» EXTRACTED ENTRIES:
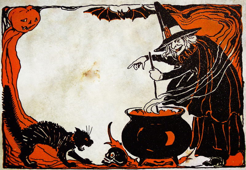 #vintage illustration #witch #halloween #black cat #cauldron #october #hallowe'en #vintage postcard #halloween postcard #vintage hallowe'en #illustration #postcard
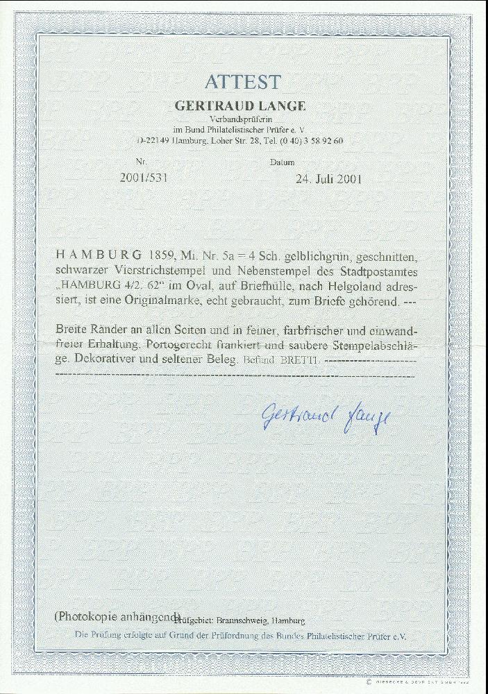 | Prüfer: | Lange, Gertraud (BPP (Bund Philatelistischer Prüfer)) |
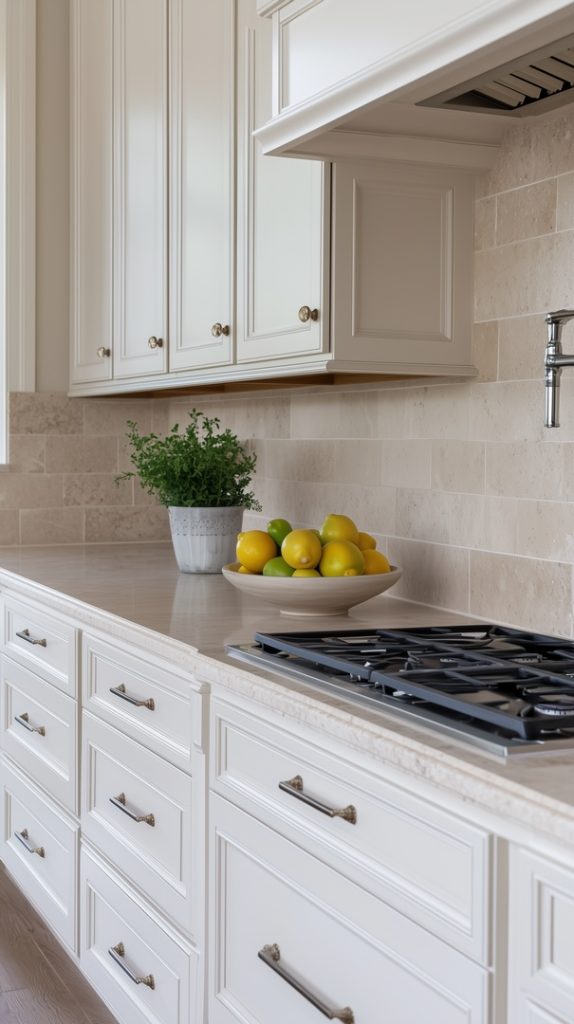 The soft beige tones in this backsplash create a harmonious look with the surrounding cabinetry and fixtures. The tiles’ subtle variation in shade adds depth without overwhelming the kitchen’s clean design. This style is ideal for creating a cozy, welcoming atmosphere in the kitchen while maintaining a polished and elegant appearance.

---

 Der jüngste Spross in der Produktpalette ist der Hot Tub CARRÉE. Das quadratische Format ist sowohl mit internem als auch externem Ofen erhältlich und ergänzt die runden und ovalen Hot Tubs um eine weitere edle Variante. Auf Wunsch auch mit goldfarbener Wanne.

* * *

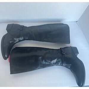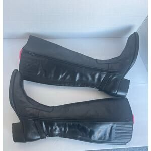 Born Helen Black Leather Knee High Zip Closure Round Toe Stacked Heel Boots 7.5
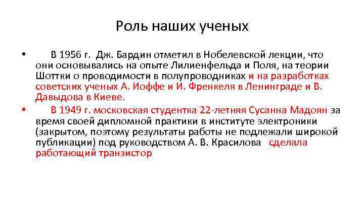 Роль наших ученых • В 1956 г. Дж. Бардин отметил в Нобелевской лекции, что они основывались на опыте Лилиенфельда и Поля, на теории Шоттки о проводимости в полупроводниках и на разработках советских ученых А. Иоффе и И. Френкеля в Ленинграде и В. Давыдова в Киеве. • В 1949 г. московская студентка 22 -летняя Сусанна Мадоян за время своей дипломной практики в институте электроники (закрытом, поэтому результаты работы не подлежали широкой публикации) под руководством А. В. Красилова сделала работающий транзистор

» EXERCISE INSTRUCTIONS: Reproduce exactly the lines of the data above that run from the line with "#vintage illustration #witch" down to the line with "The soft beige", both ends included. Pictures do not belong in the copy.

» REPLY TO THE TASK:
 #vintage illustration #witch #halloween #black cat #cauldron #october #hallowe'en #vintage postcard #halloween postcard #vintage hallowe'en #illustration #postcard
 | Prüfer: | Lange, Gertraud (BPP (Bund Philatelistischer Prüfer)) |
 The soft beige tones in this backsplash create a harmonious look with the surrounding cabinetry and fixtures. The tiles’ subtle variation in shade adds depth without overwhelming the kitchen’s clean design. This style is ideal for creating a cozy, welcoming atmosphere in the kitchen while maintaining a polished and elegant appearance.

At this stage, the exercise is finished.